The aim of the Precision Medicine (PM) is to better characterize clinical and biological heterogeneity in order to improve understanding, prognosis, prediction, tailoring of treatment and healthcare decisions. We address the analytical challenges around precision medicine and precision health arising from important clinical and healthcare questions. We collaborate in many areas of healthcare, including arthritis, cancer, cardiovascular disease, blood donation and transfusion, multi-morbidity, and neurodegeneration.

Uncovering Structure

We develop and apply statistical and machine learning methods to multi-modal and longitudinal endotypic and phenotypic individual-level data, in addition to environmental and lifestyle risk factors, for subgroup and latent structure identification. Specific areas of focus include clustering, machine-learning techniques for high-dimensional biomarkers, integration of different data types, Bayesian dynamic latent variable processes, modelling within-individual variability in longitudinal biomarkers and mechanistic models of blood cell biology.

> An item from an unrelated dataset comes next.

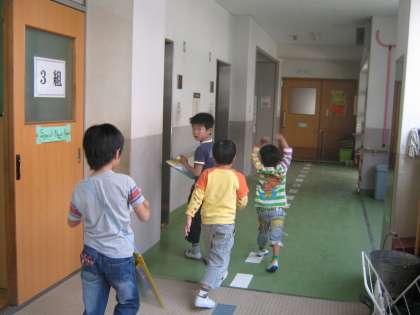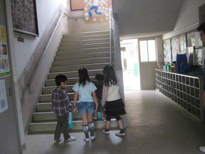 普段は行けない特別教室や2階・3階にも行きました。大きい学年が勉強している教室の前はそっと静かに歩けたかな?

Personalized risk and prognostic modelling

We develop personalized multi-modal approaches/tools for timely identification of risk, prognosis and trajectories. Statistical methodology based on multi-state models, dynamic prediction, longitudinal and joint modelling, machine learning (e.g. deep learning) and risk stratification are pursued. Specific areas of interest are quantification of risk uncertainty, scalability, informative observation in electronic health records, multi-state modelling, transportability, interface of statistical/machine learning approaches and Bayesian formulation of landmark approaches.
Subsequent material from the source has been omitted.